[[ Information provided, beginning ]]

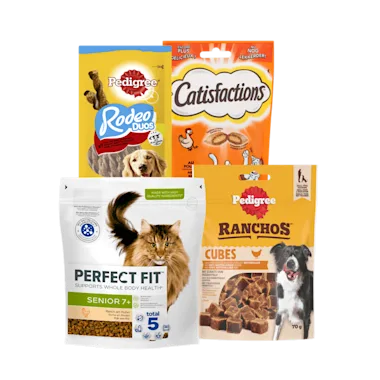 Alle Pedigree Snacks, Perfect Fit Kattenbrokken en Catisfactions
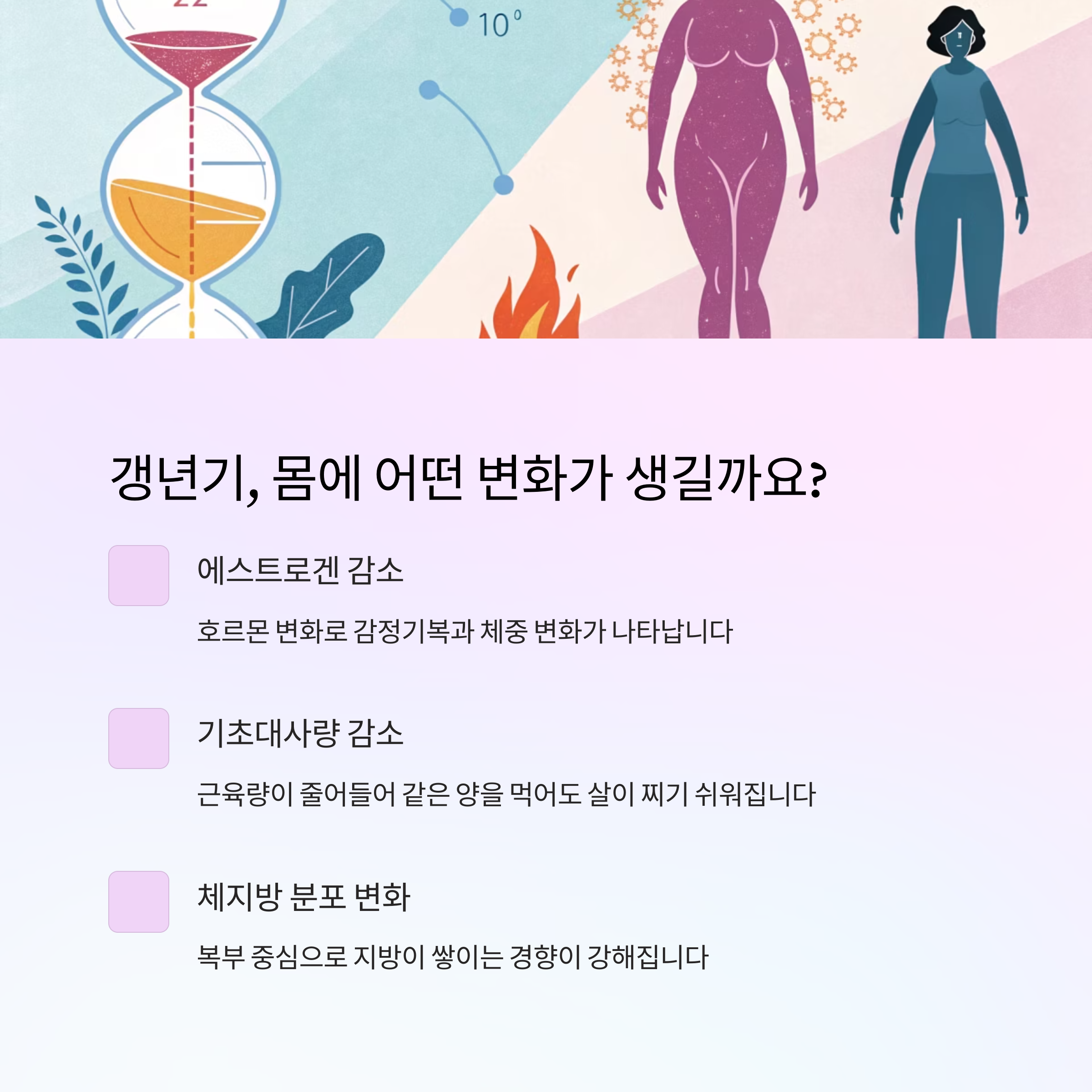 갱년기는 여성에게 찾아오는 생물학적 전환기예요. 대개 45세에서 55세 사이에 나타나며, 이 시기에는 호르몬 변화로 인해 체중 증가, 근육 감소, 피로감 등의 변화가 함께 나타나요. 예전과 똑같이 먹는데 체중이 느는 이유도 바로 이런 변화 때문이랍니다.
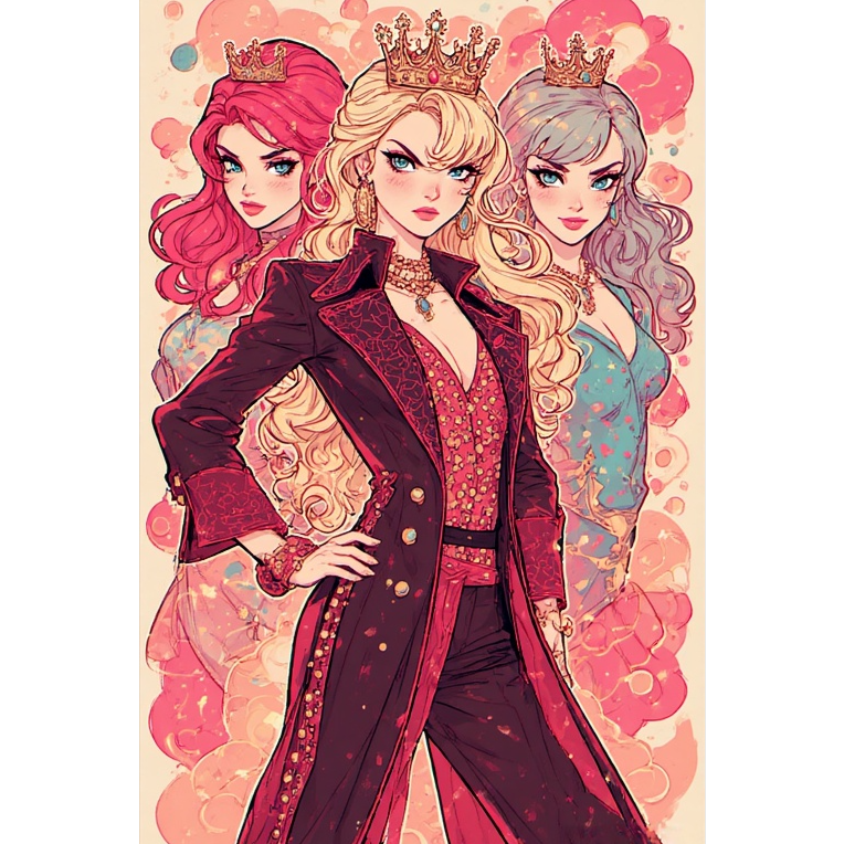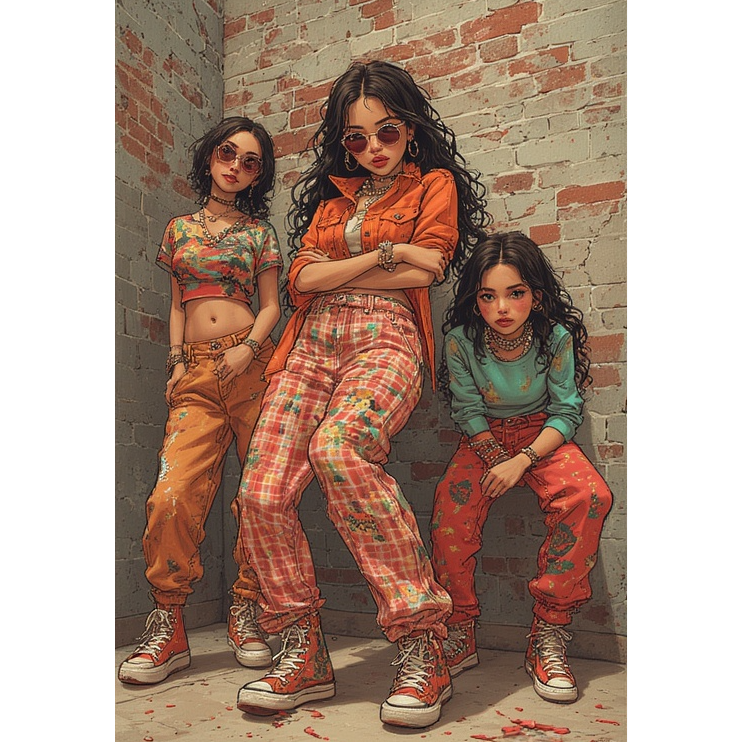 girl group, girl band, pop, dynamic range, a lot of bass, smooth transitions, smooth flow, soft pop, 70's, groovy, disco, confident, attitude, sassy
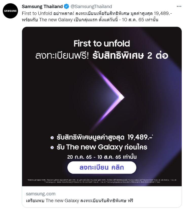 หากสงสัยว่าซัมซุงเนรมิตความเป็นไปได้เหล่านี้ขึ้นมาอย่างไร อย่าพลาด รับชมไลฟ์สตรีมมิ่งงาน Galaxy Unpacked ที่ Samsung.com และ Facebook Samsung ในวันที่ 10 สิงหาคม 2565 พร้อมกิจกรรมความสนุกจัดเต็มเพื่อแฟนๆ ชาวไทยตั้งแต่เวลา 19.30 น. และร่วมนับถอยหลัง Unfold Your World พร้อมกันทั่วโลกเวลา 20.00 น. เป็นต้นไป รับชมด้วยอรรถรสแบบเต็มอิ่มด้วยการแปลภาษาไทยควบคู่ตลอดไลฟ์

[[ Information provided, end ]]

Return only the part above that opens with the line containing "갱년기는 여성에게 찾아오는" and closes with the line containing "girl group, girl", exactly and with both ends, skipping the pictures.

Answer space:
 갱년기는 여성에게 찾아오는 생물학적 전환기예요. 대개 45세에서 55세 사이에 나타나며, 이 시기에는 호르몬 변화로 인해 체중 증가, 근육 감소, 피로감 등의 변화가 함께 나타나요. 예전과 똑같이 먹는데 체중이 느는 이유도 바로 이런 변화 때문이랍니다.
 girl group, girl band, pop, dynamic range, a lot of bass, smooth transitions, smooth flow, soft pop, 70's, groovy, disco, confident, attitude, sassy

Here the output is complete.